**WHAT TO WORK ON**
Keep to one stretch of the data below, the lines from the one with "поясничный упор |" up to and including the one with "La protección integral", and return that stretch exactly.

** INFORMATION PROVIDED follows **

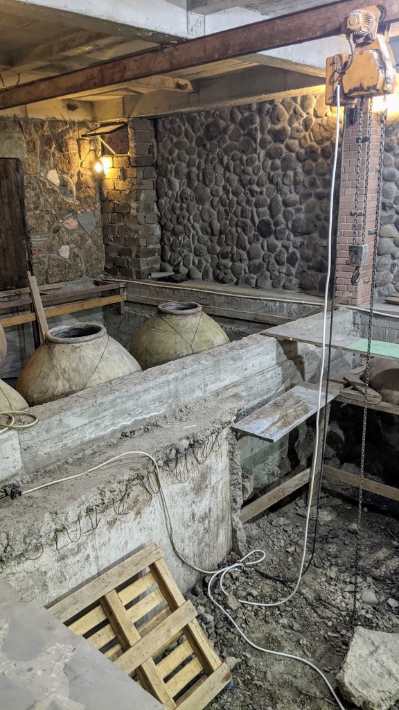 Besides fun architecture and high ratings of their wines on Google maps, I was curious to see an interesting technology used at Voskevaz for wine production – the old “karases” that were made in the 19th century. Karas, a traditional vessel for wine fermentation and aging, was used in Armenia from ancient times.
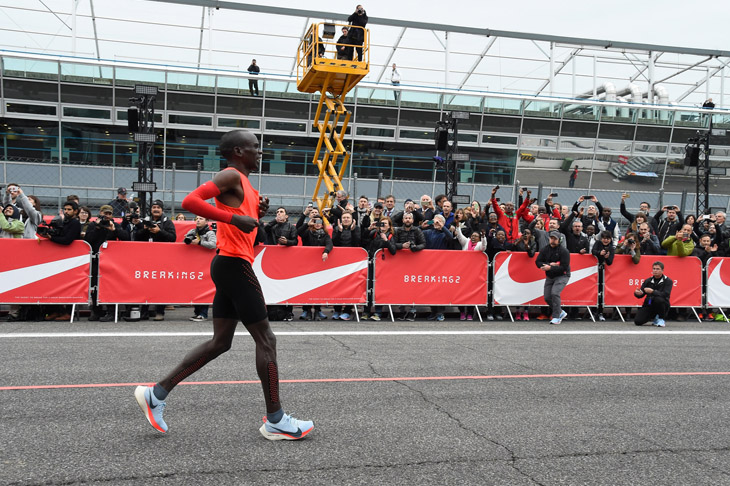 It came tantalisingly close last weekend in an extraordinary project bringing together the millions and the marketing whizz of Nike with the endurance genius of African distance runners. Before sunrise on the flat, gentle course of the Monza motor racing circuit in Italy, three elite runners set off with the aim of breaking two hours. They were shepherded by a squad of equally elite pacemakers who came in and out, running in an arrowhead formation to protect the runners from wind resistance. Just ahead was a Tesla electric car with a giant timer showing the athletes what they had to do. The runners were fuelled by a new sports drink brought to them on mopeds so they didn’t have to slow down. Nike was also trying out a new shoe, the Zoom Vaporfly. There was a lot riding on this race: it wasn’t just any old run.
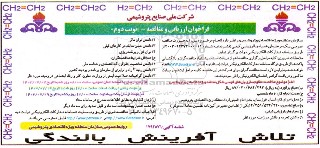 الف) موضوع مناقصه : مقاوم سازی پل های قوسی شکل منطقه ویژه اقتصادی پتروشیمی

** End of INFORMATION PROVIDED **
** INFORMATION PROVIDED follows **

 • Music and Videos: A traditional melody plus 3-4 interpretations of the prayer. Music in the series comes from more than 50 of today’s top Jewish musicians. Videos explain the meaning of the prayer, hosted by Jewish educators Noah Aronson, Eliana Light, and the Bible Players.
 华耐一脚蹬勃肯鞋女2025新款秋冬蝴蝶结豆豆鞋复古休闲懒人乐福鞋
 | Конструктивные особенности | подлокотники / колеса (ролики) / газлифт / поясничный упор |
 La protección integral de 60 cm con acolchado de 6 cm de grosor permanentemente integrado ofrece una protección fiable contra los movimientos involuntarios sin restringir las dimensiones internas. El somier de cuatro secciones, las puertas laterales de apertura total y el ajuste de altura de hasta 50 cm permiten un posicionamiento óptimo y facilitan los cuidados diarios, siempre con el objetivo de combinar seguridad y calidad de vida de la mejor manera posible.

** End of INFORMATION PROVIDED **

**TASK SOLUTION**
 | Конструктивные особенности | подлокотники / колеса (ролики) / газлифт / поясничный упор |
 La protección integral de 60 cm con acolchado de 6 cm de grosor permanentemente integrado ofrece una protección fiable contra los movimientos involuntarios sin restringir las dimensiones internas. El somier de cuatro secciones, las puertas laterales de apertura total y el ajuste de altura de hasta 50 cm permiten un posicionamiento óptimo y facilitan los cuidados diarios, siempre con el objetivo de combinar seguridad y calidad de vida de la mejor manera posible.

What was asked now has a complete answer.